No. All you can do is try and argue why your invention is not disclosed in the earlier art. Here's the thing though -- even if you could, it wouldn't help you. Even if the earlier patent was found to be invalid due to the earlier Canadian art, it is still a printed publication that predates your invention, and there is absolutely no way around that. If you can't argue around the prior art, it doesn't matter. Put another way, the validity of a prior patent in no way affects its ability to be prior art.

All that said, just for purposes of completeness, there are currently three ways to challenge the validity of an issued patent. Inter partes reexamination, ex parte reexamination, and court.
 

iassaf

Member
I think I wasn't clear enough. My invention has improvements over the existing US patent that makes my invention patentable. The problem is that their claims are so general, the product manufactured based on my patent could be infringing on their general claims.

Their existing US patent claims a frame and a mechanism. The mechanism is well known in the art. In the file history, they argued that the frame is unique and does not exist in the prior art. The Canadian patent is for a different invention (does not include the mechanism) and has completely different claims. Saying that, the Canadian patent still describes the frame used by the US patent. Since the Canadian patent was filed 7 months before the US patent, this makes the frame a prior art. Correct? or since the 12 months did not elapse, they can use the frame in a different invention without becoming a prior art?

What is Inter partes reexamination and Ex parte reexamination and how do I request one?

Thank You,

Imad
 

divgradcurl

Senior Member
You request reexamination through the patent office. The difference between nter partes reexamination and ex parte reexamination is that with ex parte, you file your papers and submit your art, and thats it -- everything else is between the USPTO and the patent owner. With inter partes reexamination, you would file papers and art, but would also be allowed to challenge any positions the patent owner took during the reexamination process.
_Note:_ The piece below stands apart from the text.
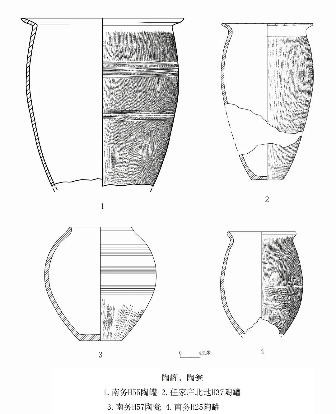 三处遗址出土的陶器器形多样,均为生活陶容器。洹河南岸的任家庄北地、南务遗址出土陶器的种类、器形、纹饰较为一致。器形主要有夹细砂陶鬲、甑、甗、深腹罐,其中薄胎细绳纹器比例较高;泥质灰陶蛋形瓮、平口瓮、小口瓮、鼓腹罐等,胎体较厚,饰以绳纹或弦断绳纹;素面磨光黑皮深弧腹盆、器盖、豆等,其上又间施以弦纹,个别上面还有楔形点纹、指甲纹、圆圈纹等,陶豆均为素面。罐、瓮类陶器均为平底器。其中,薄胎卷沿细绳纹鬲,矮领或无领,上腹斜直,下腹微鼓,锥状实足,器表施以整齐的细绳纹,绳纹下缘滚压至实足根上端,足根素面;橄榄形深腹平底罐,体型高大、瘦长。这些陶器的风格与下七垣文化漳河型一致。

Reexamination is essentially reopening the prosecution of the patent after issue.

Neither is as easy as filling out a form -- you need to prepare a request, collect whatever art you might have, and draft arguments as to why the reexamination should be granted, and how the art invalidates the patent.

You can read up on ex parte reexaminations here, 2200 Citation of Prior Art and Ex Parte Reexamination of Patents, and inter partes reexaminations here: 2600 Optional Inter Partes Reexamination.

You may be able to find less-technical tutorials using a search engine, or heading to a law library.
 

iassaf

Member
The patent I am planning to reexamine is a CIP of another patent. The claims of the original patent are repeated in the CIP patent.

1- If the same invention is repeated in the CIP patent (the claims have minor words change), should I be concerned with both patents or only the CIP one?

2- Do I have to ask for reexamination of both patents or asking for reexamining the CIP patent will include the original one?

Thanks,
 

divgradcurl

Senior Member
The patent I am planning to reexamine is a CIP of another patent. The claims of the original patent are repeated in the CIP patent.

1- If the same invention is repeated in the CIP patent (the claims have minor words change), should I be concerned with both patents or only the CIP one?
You need to be concerned with both patents, if the claims of both patents will read on your invention.

2- Do I have to ask for reexamination of both patents or asking for reexamining the CIP patent will include the original one?

Thanks,
You need to include both. You will need to challenge the validity of each patent.